Whitewashing from Conference Board of Canada

The only way to get unfiltered information on how Canada is doing economically and environmentally is to go directly to primary sources like the Conference Board of Canada.  The documents are free but you'll have to fill out a form with minimal private information necessary.  At any rate, I was looking to get the facts about which sectors were profitable, what were the job losses in regions and what our environmental situation was like based upon CO2  emissions and water consumption.

Is Canada making progress in its environmental performance? Canada’s environmental performance has improved in some areas and deteriorated in others. Some progress has been achieved in the areas of air quality, natural resources management, and energy efficiency. But Canada must do more to lower greenhouse gas emissions (GHG), to use its freshwater resources more wisely, and to reduce waste—all in an economically feasible way.

Total annual GHG emissions in Canada rose 24 per cent between 1990 and 2008. Although total annual GHG emissions have stabilized in the last few years, emissions continue to rise in some key sectors, including road transportation, mining, and oil and gas extraction.

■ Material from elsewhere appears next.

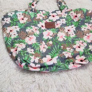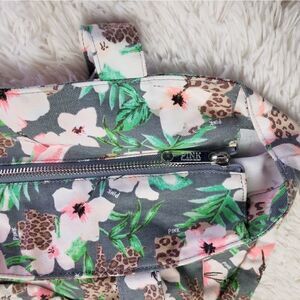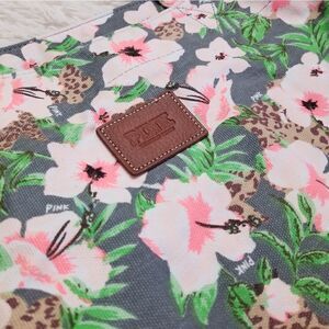 Tote bag. Gray background with pink flowers, green leaves, and some animal print patterns throughout. Silver zipper with the PINK logo that partly covers the open top of the bag. Inside the bag is a pocket. One side of the bag has a faux leather patch with the PINK logo.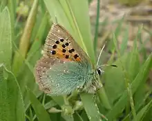 T. ballus F. (75 d, e). male above dark brown, with traces of small red spots in the anal area of the hindwing. In the (larger) female the forewing red-yellow except the costal and distal margins, there being a similarly coloured ovate band-like spot before the distal margin of the hindmargin. The underside of both sexes recalls that of Chrysophanus phlaeas, but the basal area of the hindwing is dusted with verdigris. French Riviera, Spain, North Africa. — The egg green, somewhat flat, with a network of polygonals, laid singly on the upperside of leaves of Boujeania hispida. Larva rather thick, not so flat as in many other Lycaenids, the segments swollen, separated from each other by deep incisions; greenish yellow, with bluish dorsal stripe and a red-brown lateral one, there being thin oblique streaks between them; until the end of May in the pods of the food-plant. Pupa ovate, rounded everywhere, with shallow minute puncturation; as far as known the larva pupates free on the ground. The butterflies from February till April in places where the food-plant grows, often exceedingly plentiful. The specimen, when covered with the net, often drops to the ground and conceals itself in the grass. The wingspan is 28–30 mm. The butterfly flies from January to April.[1]

Notice how the tar sands aren't even mentioned.

Water consumption is also a key environmental issue. Sustainable water management helps maintain adequate water supplies for people and ecosystems. Canada’s water use per capita is over eight times higher than that of Denmark, the top performer for this indicator. Why?
Two major reasons for Canada’s excessive use of water are inadequate water conservation practices and prices that are too low to encourage efficiency.
 A good portion of water is used by agriculture, and fortunately for Denmark, their land formation and water resources are quite advantageous.  So, Ontario produces 40% of our food and we need to reserve as much arable land and clean water close to urban areas.  All the more reason not to add to water misuse by granting permits for mining where watersheds are quite immense.  The MacKenzie River, The Athabasca River both will be soon compromised by the massive bitumen push to the west and the Arctic.

No mention is made of the realities in Canada.  Soft peddling again.  Looking for examples to Sweden and Denmark, blaming our recycling on the home front, our cheap water and plenty of it being the excuse not to take the water crime seriously.

How much free water is used by the tar sands industry?  If you know, please comment below as I can't seem to find that report.

Fact:  The increase in income inequality has been more rapid in Canada than in the U.S. since the mid-1990s.  For more see here.  Even Mexico and Japan are amongst the countries in which income inequality is growing less.  These statistics are evident but what we make of them is open for discussion.  Some may argue that immigration is costing people the opportunity to find jobs when they have to compete against an even more educated and fully skills ready influx of workers that can locate to Alberta's tar sands or B.C.'s shipbuilding.  I wonder how it feels to be robbed of a living and put on the welfare.  Sure the skills initiative is out there as a plan.  From the reality, why is the government outsourcing jobs instead of training Canadians here?  This is from the Irish Independent:

Canada is seeking tens of thousands of Irish worker to fill a wide range of jobs, the Canadian Ambassador to Ireland announced last week.
The country is seeking to fill a labor shortage caused by a strong economy, massive infrastructure projects and booming fisheries, mining, oil and natural gas industries.
"I'm hearing numbers like between 30,000 and 40,000 in construction alone," Ambassador Loyola Hearn told the Irish Independent.

I know personally of an Irish couple who were here temporarily but due to a post error had to leave and re-apply.  They may never get back in.  They were well settled, both working, their paperwork got lost in the Alberta Immigration office and no one was going to help them out. The only option would be to pay 18K to some third party immigration specialist (aka robber).  Welcome to the world of sloppy.  Flows from the top.